Reputation: 7310
I've tried to follow Keras tutorial to build Autoencoder for MNIST. Autoencoder worked and then I tried to change images and consequently input shape from 28, 28, 1
to 150, 150, 3
and I receive following error:
ValueError: Error when checking target: expected conv2d_6 to have shape (148, 148, 1) but got array with shape (150, 150, 3)
Autoencoder architecture:
input_img = Input(shape=(150, 150, 3))
x = Conv2D(16, (3, 3), activation='relu', padding='same')(input_img)
x = MaxPooling2D((2, 2), padding='same')(x)
x = Conv2D(8, (3, 3), activation='relu', padding='same')(x)
x = MaxPooling2D((2, 2), padding='same')(x)
x = Conv2D(8, (3, 3), activation='relu', padding='same')(x)
encoded = MaxPooling2D((2, 2), padding='same')(x)
x = Conv2D(8, (3, 3), activation='relu', padding='same')(encoded)
x = UpSampling2D((2, 2))(x)
x = Conv2D(8, (3, 3), activation='relu', padding='same')(x)
x = UpSampling2D((2, 2))(x)
x = Conv2D(16, (3, 3), activation='relu')(x)

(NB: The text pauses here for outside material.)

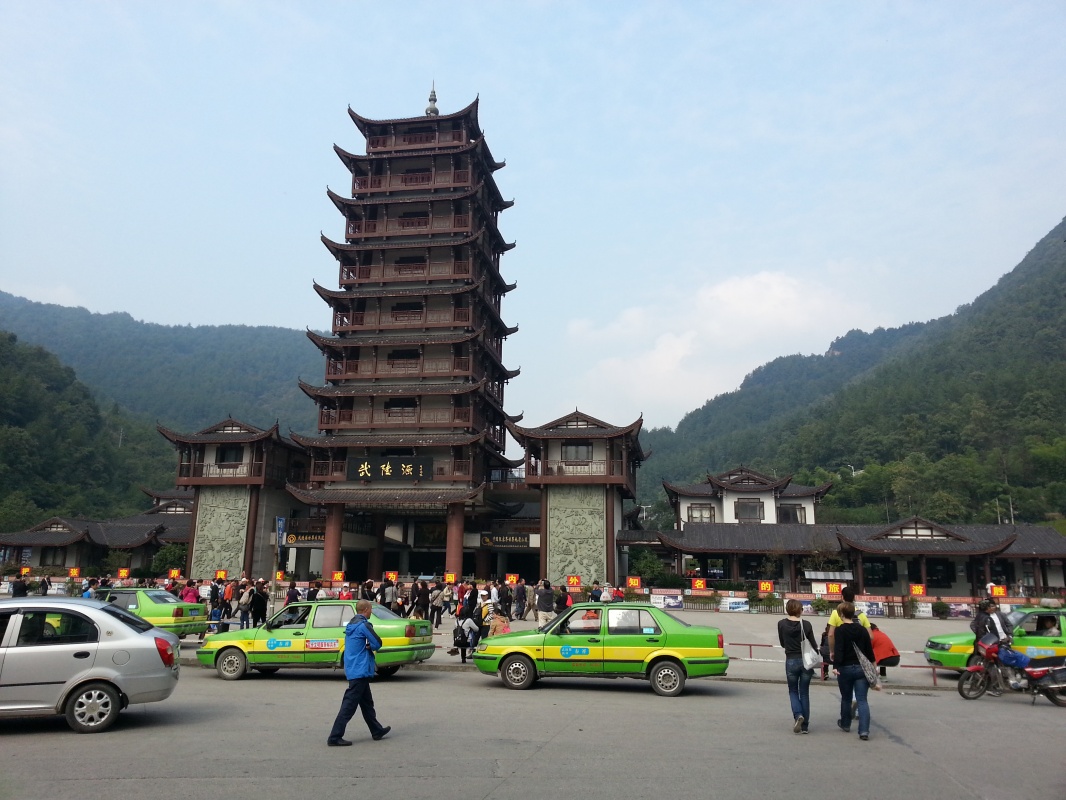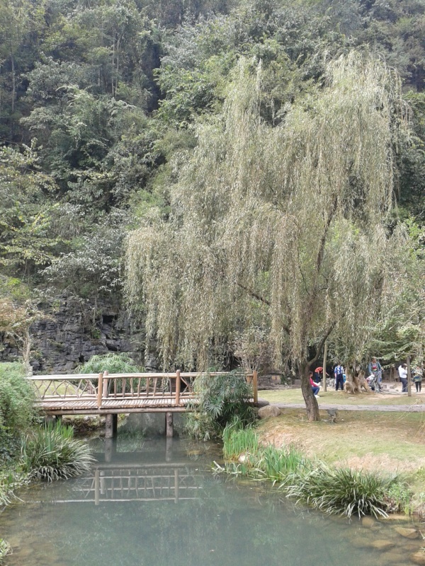 Решили в оставшиеся светлые часы съездить на озеро. Правда, как добраться автобусом до туда, мы так и не выяснили, от остановки первого автобуса у моста шли пешком и в итоге только после 5 часов оказались у входа в парк. Вход сюда тоже платный, Y150. Решили, что смысла идти нет, уже стемнеет, пока мы дойдем до озера. Потом мы видели фотки, где и озеро, и водопад подсвечены, возможно, есть смысл идти туда как раз вечером. В хостел возвращались пешком, и тут Вулинь нас удивил. Мы ожидали, что деревушка совсем небольшая - на три улицы, но сами заблудились так, что дома оказались в 10. Вот тебе и деревня.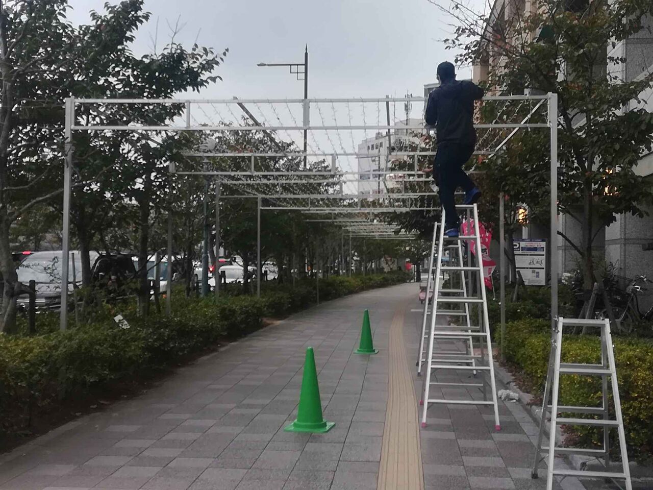 今年は少し早い準備のようです。昨年もあったアクトアモーレのJR高槻駅沿いのイルミネーション 光のカーテンの準備が始まっているようです。

x = UpSampling2D((2, 2))(x)
decoded = Conv2D(1, (3, 3), activation='sigmoid', padding='same')(x)
autoencoder = Model(input_img, decoded)
autoencoder.compile(optimizer=Adam(0.01), loss='binary_crossentropy')
Train settings:
autoencoder.fit(x_train, y_train,
epochs=50,
batch_size=512,
shuffle=True,
validation_data=(x_test, y_test))
My data shapes are as following:
x_train shape: (4022, 150, 150, 3)
y_train shape: (4022, 150, 150, 3)
x_test shape: (447, 150, 150, 3)
y_test shape: (447, 150, 150, 3)
Collaboratory link to my workspace:
https://colab.research.google.com/drive/1C8RX7OYS2BXaHJh6VOMscxEbrFTuQY5H
Upvotes: 1
Views: 273
Reputation: 1469
Use this code and it will work
input_img = Input(shape=(150, 150, 3))
x = Conv2D(16, (3, 3), activation='relu', padding='same')(input_img)
x = MaxPooling2D((2, 2), padding='same')(x)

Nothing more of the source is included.